Is that really true? Could they find Yuuji? Especially when it’s a monster that kidnapped him in the first place?

When he exhaustedly returns home, the wrapped expensive futon lays in front of his apartment door with a bouquet of hydrangeas and lilies. Wasuke’s eyes widen at the realization, and he immediately dashes downstairs to the nighttime security guard.

“Have you seen Yuuji or a lady with head stitches pass by here?!” He yells out at the sleepy guard.

The security guard jolts, “Huh? What? No. What’s wrong, Itadori-san? Yuuji didn’t return home with you?” Wasuke’s chest tightens again, and his shoulders slump at the hopeless situation. “No.
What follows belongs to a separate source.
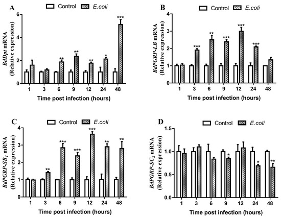 Responses of Dpt and BdPGRPs to opportunistic pathogen E. coli challenges. Relative expression of Dpt (A), BdPGRP-LB (B), BdPGRP-SB1 (C), and BdPGRP-SC2 (D) after infection with E. coli at different time points, respectively. The data are expressed as mean ± SEM and the mean refers to the average of four biological replicates for each sample. Statistical analysis was based on Student’s t-test. * p < 0.05; ** p < 0.01; *** p < 0.001. The relative gene expression data were analyzed using a 2−ΔΔCT method and the data were normalized to reference gene Rpl32.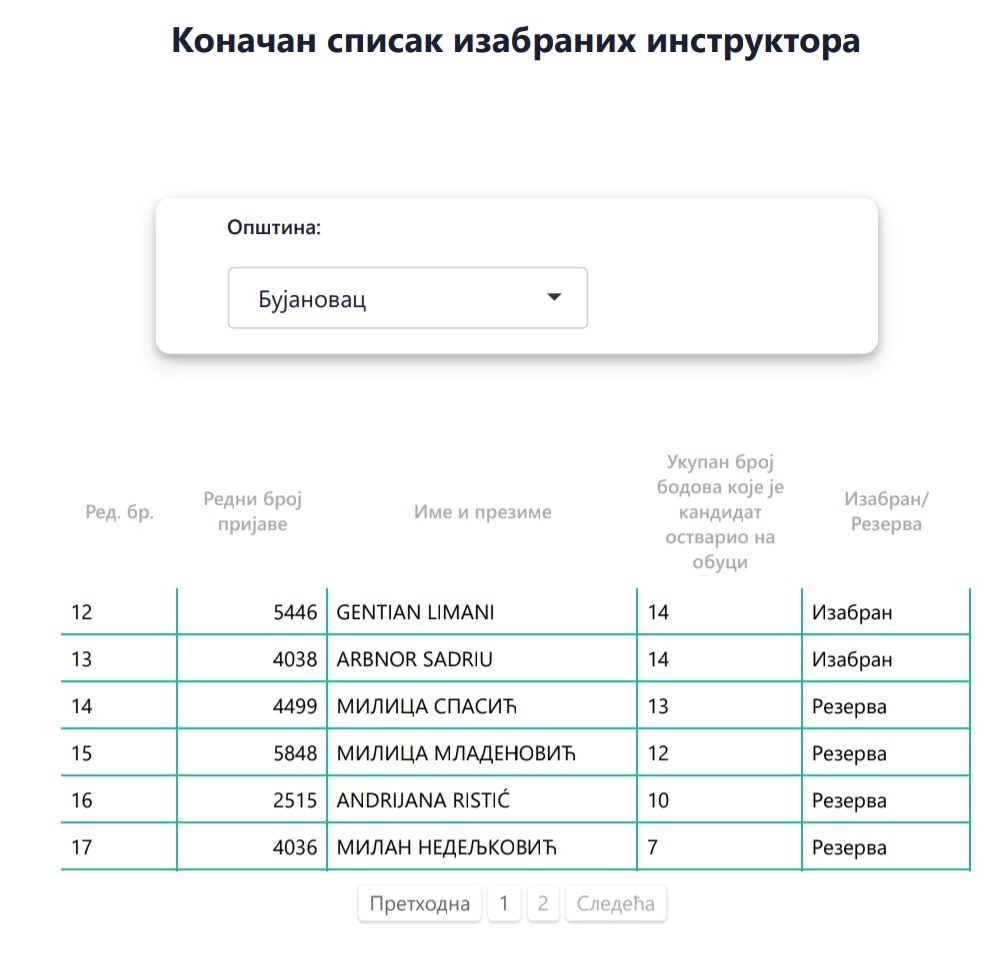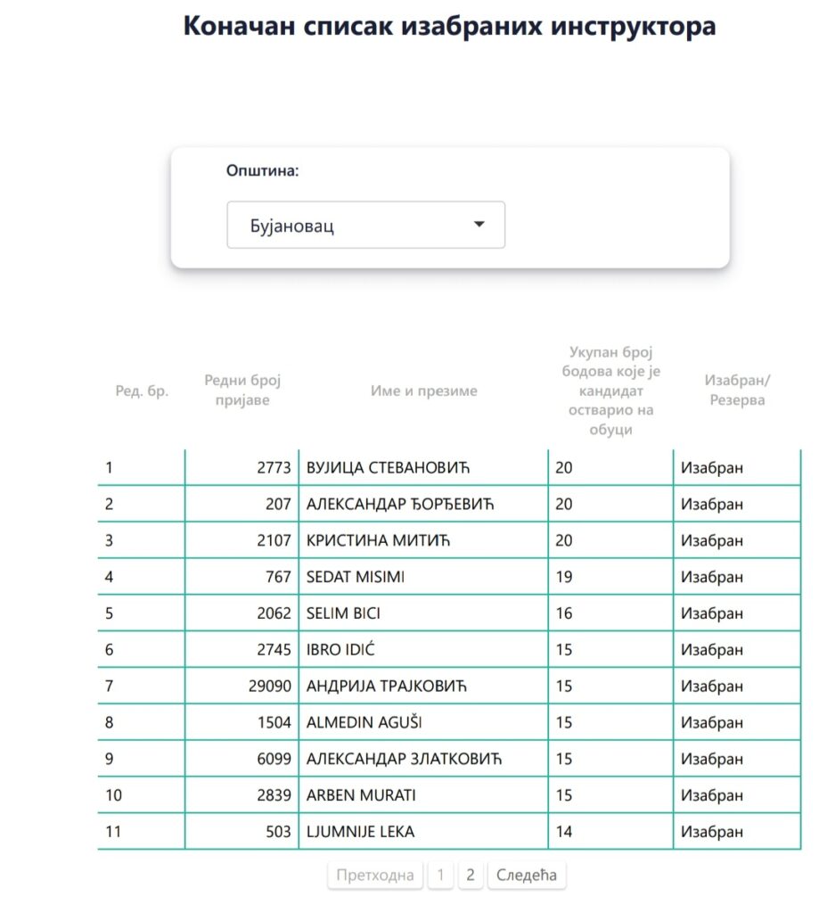 Konačan spisak instruktora na nivou cele zemlje možete videti OVDE.

Yuuji is missing. I was hoping that you saw the perpetrator who put the bouquet and futon in front of my apartment door.”

“My condolences, sir,” murmurs the security guard, “Normally, we pass on the footage to the police for review and don’t show it to the public, but…for familiarity sake, we can look at the security footage in your floor hallway together.”

Wasuke instantly takes up on the man’s offer and joins the security guard in the room. Looking through the past couple hours of footage sped up, there’s an unknown glitch midst of the footage. A second of momentary darkness blotches the camera, and the flowers and futon suddenly turn up in front of his apartment door. No sign of Yuuji or the perpetrator was seen in the footage. The security guard shivers at the scene as Wasuke rewinds the tapes multiple times for the same phenomenon to happen again and again. It’s getting way too late, and he should sleep, but he can’t. Instead, he’s back at the police station, handing over the futon and bouquet as submission of evidence. The security footage was given at a later time when requested by the case investigators.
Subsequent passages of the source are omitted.